Angela Raizer Barbosa
A tão esperada virada para o ano 2000 já aconteceu. O mundo não acabou e o bug do milênio já é coisa do passado. Entretanto, para a maioria dos jovens que estão em Londrina para prestar vestibular, a contagem regressiva para a grande virada começa domingo. Mais que um teste de conhecimento, o vestibular é hoje um rito de passagem. No auge da adolescência, com os hormônios ainda em ebulição, a garotada tem que enfrentar sua primeira e, talvez, mais difícil prova de fogo: mostrar que sabe mais que o outros 10, 30, 40 concorrentes à uma vaga, que pensam exatamente a mesma coisa. Haja sabedoria e tranquilidade para vencer a concorrência, o stress e evitar um ‘‘branco’’ na hora das provas.

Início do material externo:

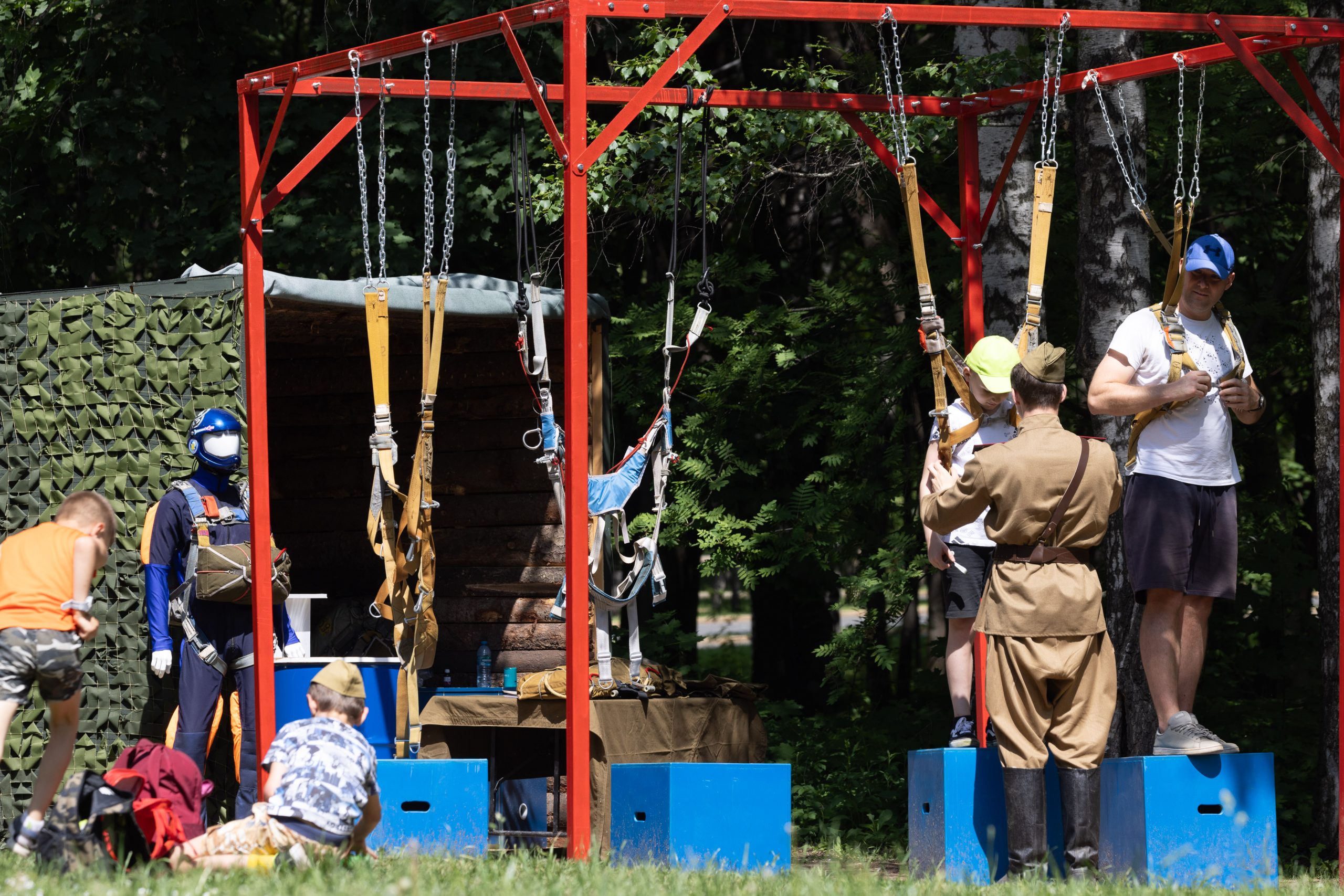 «Мне понравилась площадка парашютная, я даже попробовал побыть вот в этих стропах, инструктор объяснял, как и что нужно делать. Мне очень хочется стать воздушным десантником, и я хочу очень хорошо научиться прыгать с парашютом. И теперь хотя бы у меня есть первые знания и навыки. Ну и на самом деле здесь весело. Я с папой уже в третий раз в Парке Победы, уже почти во всех активностях участвовал, и кашу пробовал солдатскую, и, думаю, еще придем обязательно. Таких площадок больше нигде нет», — рассказал посетитель Парка Победы Александр Голубец.

‘‘Ansiedade, taquicardia, falta de ar, tremedeira, fadiga, incapacidade de se concentrar, dores de cabeça, barriga e estômago são alguns sintomas que podem ocorrer com o vestibulando às vésperas dos exames’’, afirma a psicóloga Maria Zilah Brandão. O primeiro desafio, segundo ela, é controlar a ansiedade e se convencer de que o nervosismo nessa situação é comum à maioria das pessoas. ‘‘Todos têm medo do vestibular. Afinal, além de ter de escolher uma profissão aos 17, 18 anos, um período de instabilidade em que as fragilidades ainda estão à flor da pele, o adolescente é submetido a um teste massacrante para o qual não está emocionalmente preparado, acrescenta’’.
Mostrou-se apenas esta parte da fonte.